Starting at the line containing "For Samsung Galaxy" and ending at the line containing "FERRARA – Le", transcribe the listing below exactly. Keep both end lines, skip the pictures, and copy nothing else.

EXERCISE DATA -

= = = = = = =

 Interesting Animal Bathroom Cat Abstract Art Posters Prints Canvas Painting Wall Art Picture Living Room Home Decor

= = = = = = =

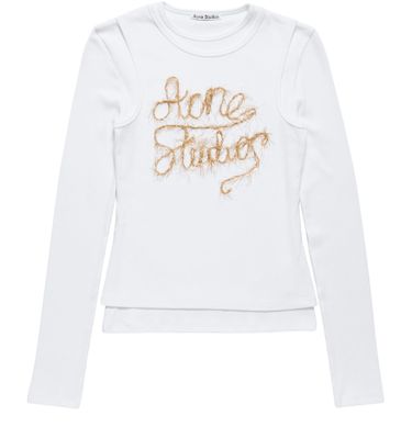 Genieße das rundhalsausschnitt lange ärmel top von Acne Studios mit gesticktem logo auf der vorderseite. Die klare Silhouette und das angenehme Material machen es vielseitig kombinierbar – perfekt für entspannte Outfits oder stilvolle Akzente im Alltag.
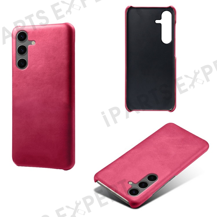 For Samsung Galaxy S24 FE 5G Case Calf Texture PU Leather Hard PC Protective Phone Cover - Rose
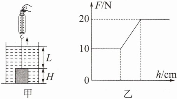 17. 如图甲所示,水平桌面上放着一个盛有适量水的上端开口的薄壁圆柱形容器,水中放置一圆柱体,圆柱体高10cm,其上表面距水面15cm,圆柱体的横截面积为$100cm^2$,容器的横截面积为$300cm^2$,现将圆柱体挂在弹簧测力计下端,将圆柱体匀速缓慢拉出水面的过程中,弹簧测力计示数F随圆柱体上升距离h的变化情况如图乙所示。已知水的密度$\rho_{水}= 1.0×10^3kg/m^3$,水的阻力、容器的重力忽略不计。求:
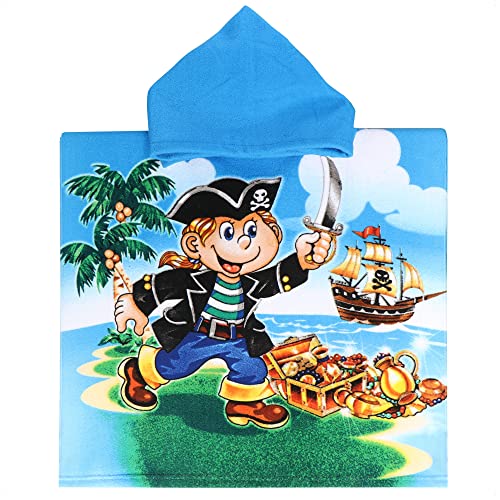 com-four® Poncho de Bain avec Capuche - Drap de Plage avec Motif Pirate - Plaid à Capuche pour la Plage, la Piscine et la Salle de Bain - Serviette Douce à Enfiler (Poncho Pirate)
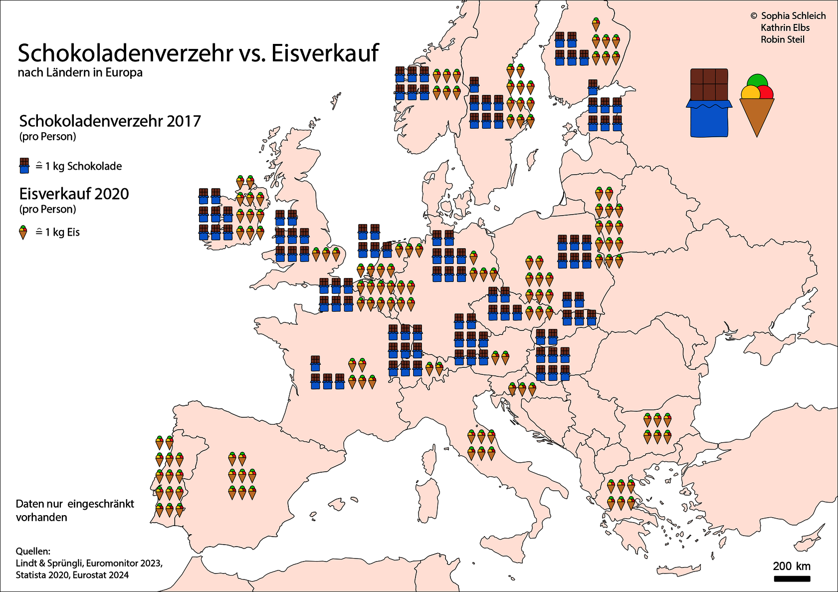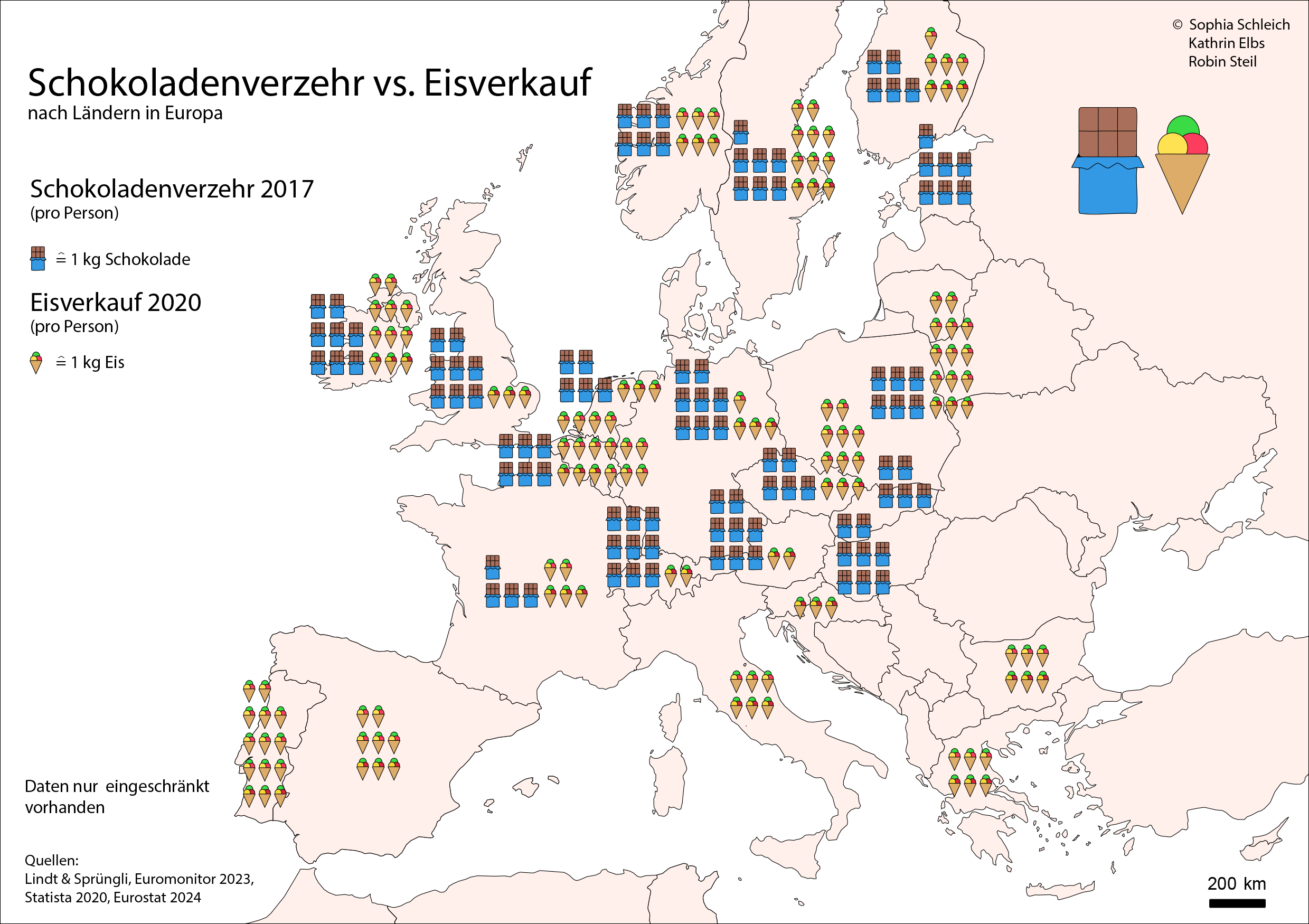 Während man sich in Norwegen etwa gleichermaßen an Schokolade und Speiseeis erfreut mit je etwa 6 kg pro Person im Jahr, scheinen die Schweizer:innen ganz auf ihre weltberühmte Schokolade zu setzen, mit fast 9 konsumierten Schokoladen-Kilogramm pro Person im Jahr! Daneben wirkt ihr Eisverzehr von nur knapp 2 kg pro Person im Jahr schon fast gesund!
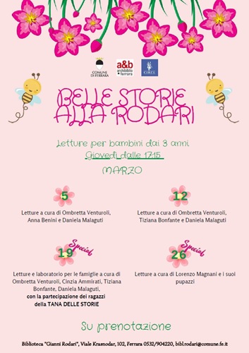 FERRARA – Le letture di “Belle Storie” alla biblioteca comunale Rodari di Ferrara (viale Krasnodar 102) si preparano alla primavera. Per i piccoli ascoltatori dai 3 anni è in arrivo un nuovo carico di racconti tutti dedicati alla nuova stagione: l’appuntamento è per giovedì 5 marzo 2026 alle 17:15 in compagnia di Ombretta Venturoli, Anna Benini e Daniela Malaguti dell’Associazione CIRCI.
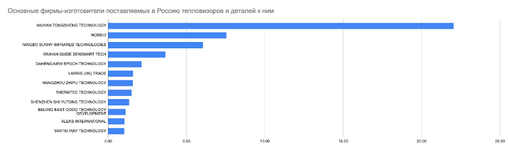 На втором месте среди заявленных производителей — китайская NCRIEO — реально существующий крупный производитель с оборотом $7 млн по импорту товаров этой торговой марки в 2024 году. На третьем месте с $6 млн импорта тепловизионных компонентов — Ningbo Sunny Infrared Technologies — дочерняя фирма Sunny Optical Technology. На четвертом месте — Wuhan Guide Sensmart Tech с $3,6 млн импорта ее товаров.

= = = = = = =

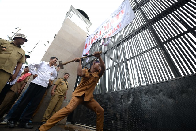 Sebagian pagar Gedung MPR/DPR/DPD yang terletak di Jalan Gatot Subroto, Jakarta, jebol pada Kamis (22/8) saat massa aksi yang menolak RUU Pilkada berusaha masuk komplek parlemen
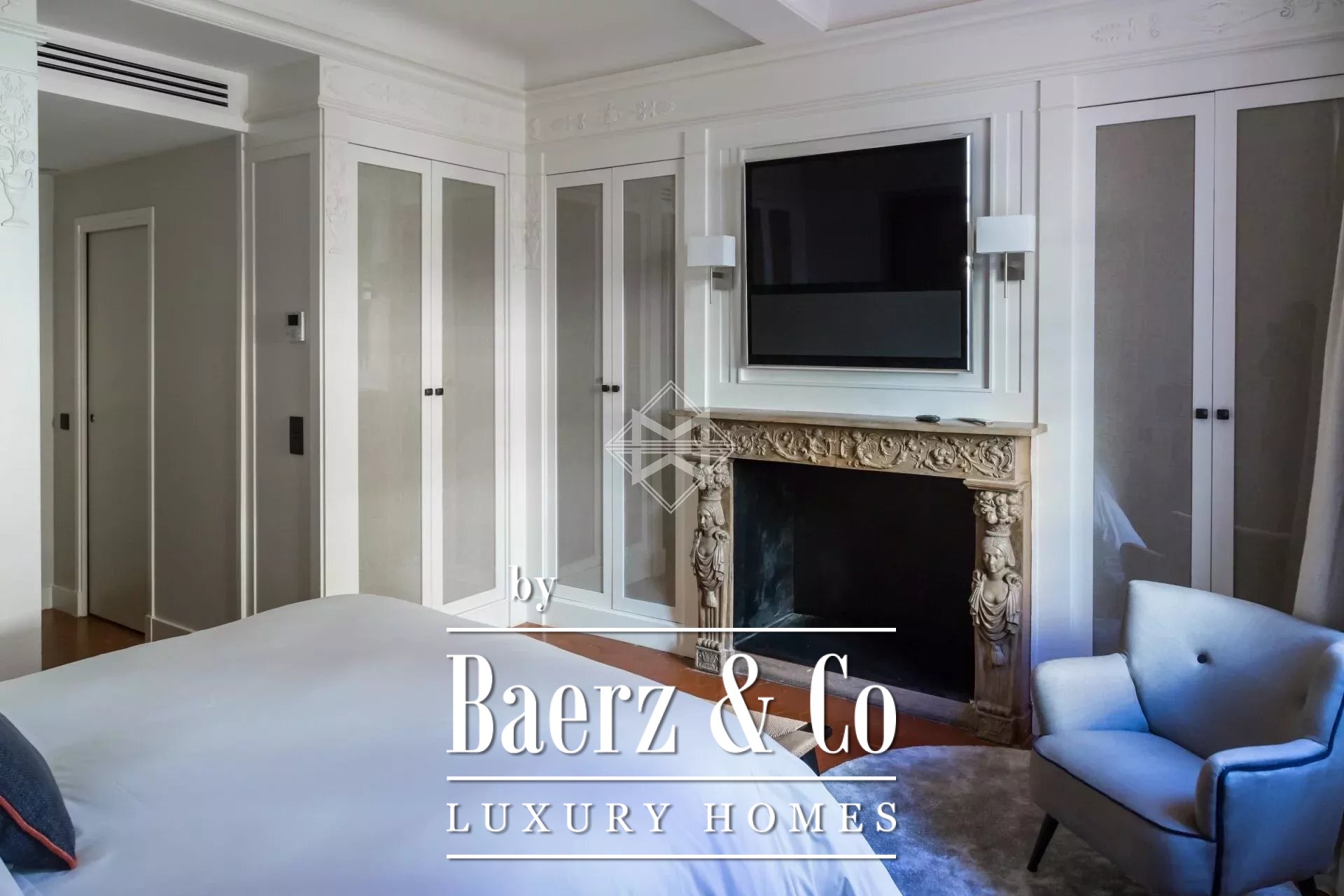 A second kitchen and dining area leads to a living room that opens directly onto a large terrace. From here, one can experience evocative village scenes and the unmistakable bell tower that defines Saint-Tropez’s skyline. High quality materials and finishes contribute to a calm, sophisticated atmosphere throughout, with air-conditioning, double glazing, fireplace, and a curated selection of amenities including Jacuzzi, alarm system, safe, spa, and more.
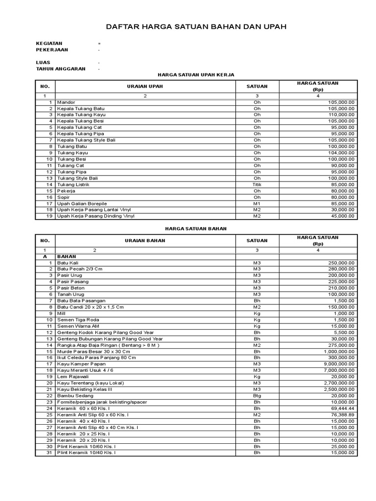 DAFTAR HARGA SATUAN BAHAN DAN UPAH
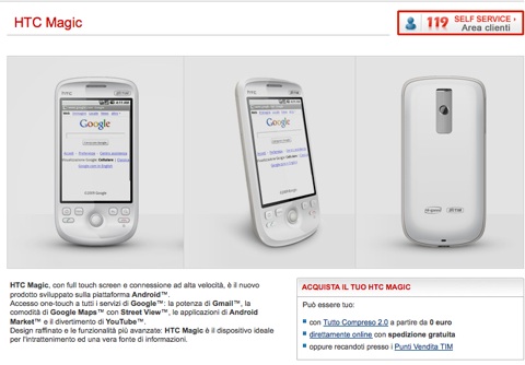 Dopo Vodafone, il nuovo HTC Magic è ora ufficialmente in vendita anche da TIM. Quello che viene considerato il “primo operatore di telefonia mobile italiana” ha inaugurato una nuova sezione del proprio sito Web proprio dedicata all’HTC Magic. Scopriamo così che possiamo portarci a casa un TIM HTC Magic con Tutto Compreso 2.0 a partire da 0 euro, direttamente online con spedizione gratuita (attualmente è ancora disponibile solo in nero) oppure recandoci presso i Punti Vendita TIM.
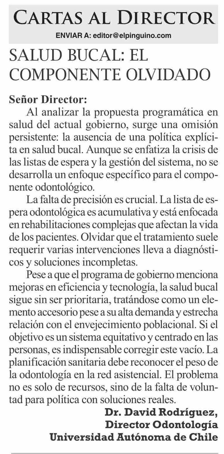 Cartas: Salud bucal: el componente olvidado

= = = = = = =

ANSWER FOR THE TASK -
 For Samsung Galaxy S24 FE 5G Case Calf Texture PU Leather Hard PC Protective Phone Cover - Rose
 17. 如图甲所示,水平桌面上放着一个盛有适量水的上端开口的薄壁圆柱形容器,水中放置一圆柱体,圆柱体高10cm,其上表面距水面15cm,圆柱体的横截面积为$100cm^2$,容器的横截面积为$300cm^2$,现将圆柱体挂在弹簧测力计下端,将圆柱体匀速缓慢拉出水面的过程中,弹簧测力计示数F随圆柱体上升距离h的变化情况如图乙所示。已知水的密度$\rho_{水}= 1.0×10^3kg/m^3$,水的阻力、容器的重力忽略不计。求:
 com-four® Poncho de Bain avec Capuche - Drap de Plage avec Motif Pirate - Plaid à Capuche pour la Plage, la Piscine et la Salle de Bain - Serviette Douce à Enfiler (Poncho Pirate)
 Während man sich in Norwegen etwa gleichermaßen an Schokolade und Speiseeis erfreut mit je etwa 6 kg pro Person im Jahr, scheinen die Schweizer:innen ganz auf ihre weltberühmte Schokolade zu setzen, mit fast 9 konsumierten Schokoladen-Kilogramm pro Person im Jahr! Daneben wirkt ihr Eisverzehr von nur knapp 2 kg pro Person im Jahr schon fast gesund!
 FERRARA – Le letture di “Belle Storie” alla biblioteca comunale Rodari di Ferrara (viale Krasnodar 102) si preparano alla primavera. Per i piccoli ascoltatori dai 3 anni è in arrivo un nuovo carico di racconti tutti dedicati alla nuova stagione: l’appuntamento è per giovedì 5 marzo 2026 alle 17:15 in compagnia di Ombretta Venturoli, Anna Benini e Daniela Malaguti dell’Associazione CIRCI.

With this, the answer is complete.